– Привет, доченька, – сказала мама. – Повесь куртку и сними ботинки.
– Кора, я с тобой разговариваю, – не унимался папа.
В его голосе Лени услышала злость и заметила, как вздрогнула мама.
– Отнеси рис обратно. И скажи Мардж, что у нас нет на него денег, – велел папа.
– Но… ты же пока не добыл лося, – возразила мама. – Нам нужно…
– Значит, это я виноват? – крикнул папа.
– Я не это имела в виду. Но надвигается зима, припасов у нас маловато, да и денег…
– Думаешь, я сам не знаю, что нам нужны деньги? – Папа толкнул стоявший перед ним стул, и тот с грохотом опрокинулся.
Взгляд у папы стал бешеный, сверкнули белки, так что Лени испугалась и попятилась.
Мама подошла к нему, погладила по щеке, пытаясь успокоить:
– Эрнт, родной, мы справимся.
Он отпрянул и бросился к двери. Сорвал куртку с крючка у окна, распахнул дверь, впустив слепящий, обволакивающий холод, вылетел из дома и захлопнул за собой дверь. Тут же взревел мотор «фольксвагена», окно пронзил луч фар, облил маму бледно-золотистым светом.
– Это все непогода. – Мама закурила сигарету, глядя, как отъезжает папа. Ее нежная кожа в свете фар вдруг пожелтела, стала восковой.
– Дальше будет хуже, – заметила Лени. – С каждым днем все темнее и холоднее.

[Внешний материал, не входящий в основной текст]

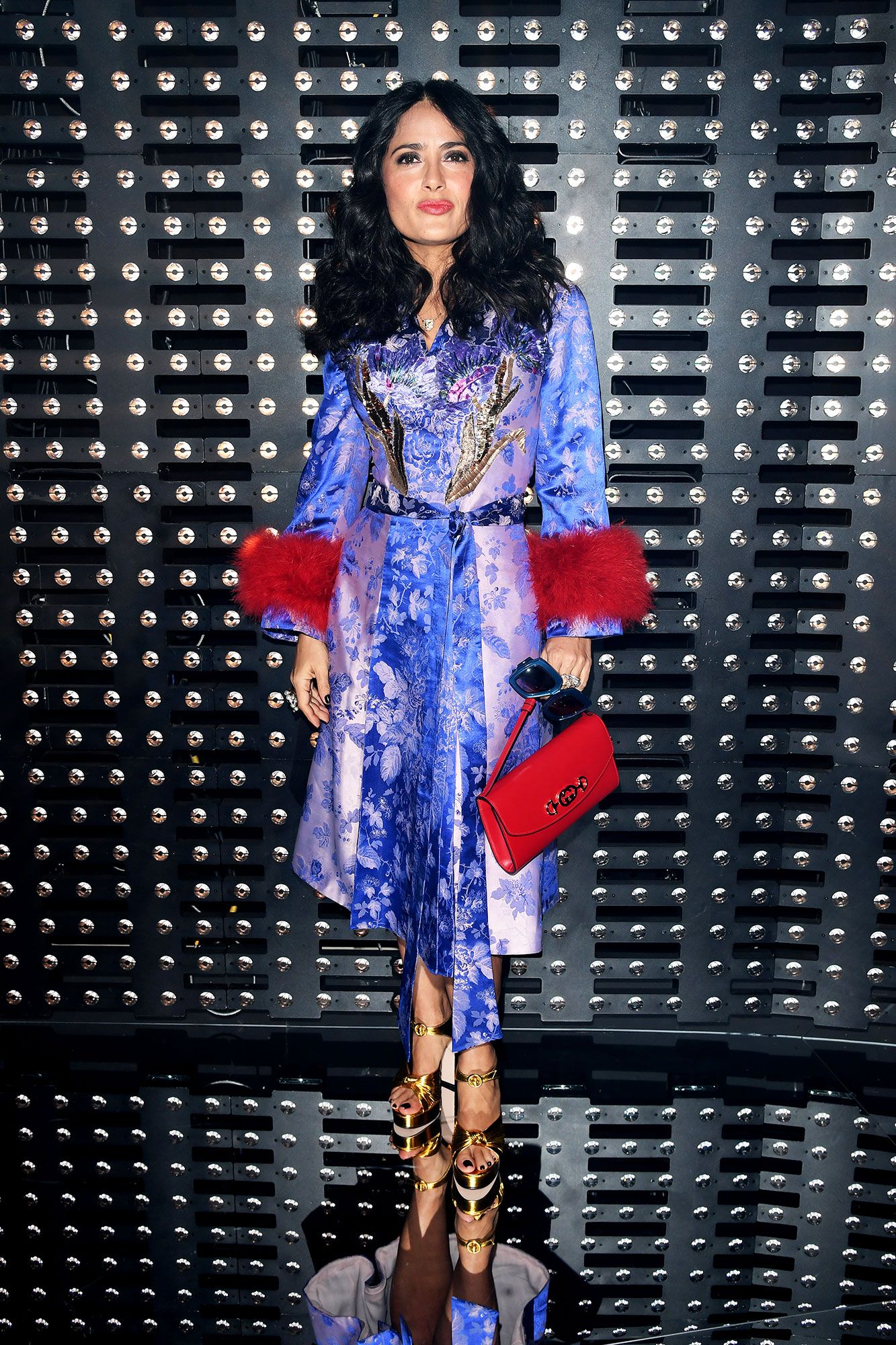 Акторка одягнула жакардову блакитну сукню із золотою вишивкою і об’ємними манжетами з фарбованого хутра. Доповнила ефектний образ Сальма Гаєк сумочкою такого ж кольору, як хутро, сонцезахисними окулярами і туфлями на високих підборах.

– Да. – Испуг на мамином лице передался Лени. – Я знаю.
* * *
Зима тисками сжала Аляску. Бескрайние просторы сократились до пределов их домика. Солнце вставало в четверть одиннадцатого и садилось уже через пятнадцать минут после того, как в школе заканчивались занятия. Меньше шести часов светового дня. Снег валил и валил, укутывая округу. Заносил подоконники, выплетал кружева на оконных стеклах, так что улицы не видно, и оставалось лишь смотреть друг на друга. В короткие светлые часы небо над головой было серым, так что порой и день был не день, а лишь слабое его подобие. Ветер пробирал насквозь, выл, как от боли. Обледеневшие стебли иван-чая торчали из сугробов причудливыми изваяниями. Мороз стоял такой, что стыло все: замерзали двери машин, трескались окна, глохли моторы. По радио то и дело передавали предупреждения о метелях и перечисляли, кто еще умер, – зимой на Аляске это было так же привычно, как слипшиеся от холода ресницы. Погибнуть можно было из-за любой оплошности: уронил ключи от машины в реку, в баке кончился бензин, сломался снегоуборщик, не вписался в поворот. Без предупреждения Лени не могла никуда пойти и ничего сделать. Зима уже казалась бесконечной. Припайный лед сковал побережье, покрыл глазурью ракушки и гальку, так что берег стал похож на расшитый серебристыми блестками воротник. За стенами домика ревел ветер, и каждый его порыв преображал белый пейзаж. Перед ветром склонялись деревья, звери ладили логовища, рыли норы и прятались в укрытия. Точь-в-точь как люди, которые в такие морозы отсиживались дома и старались без нужды не рисковать.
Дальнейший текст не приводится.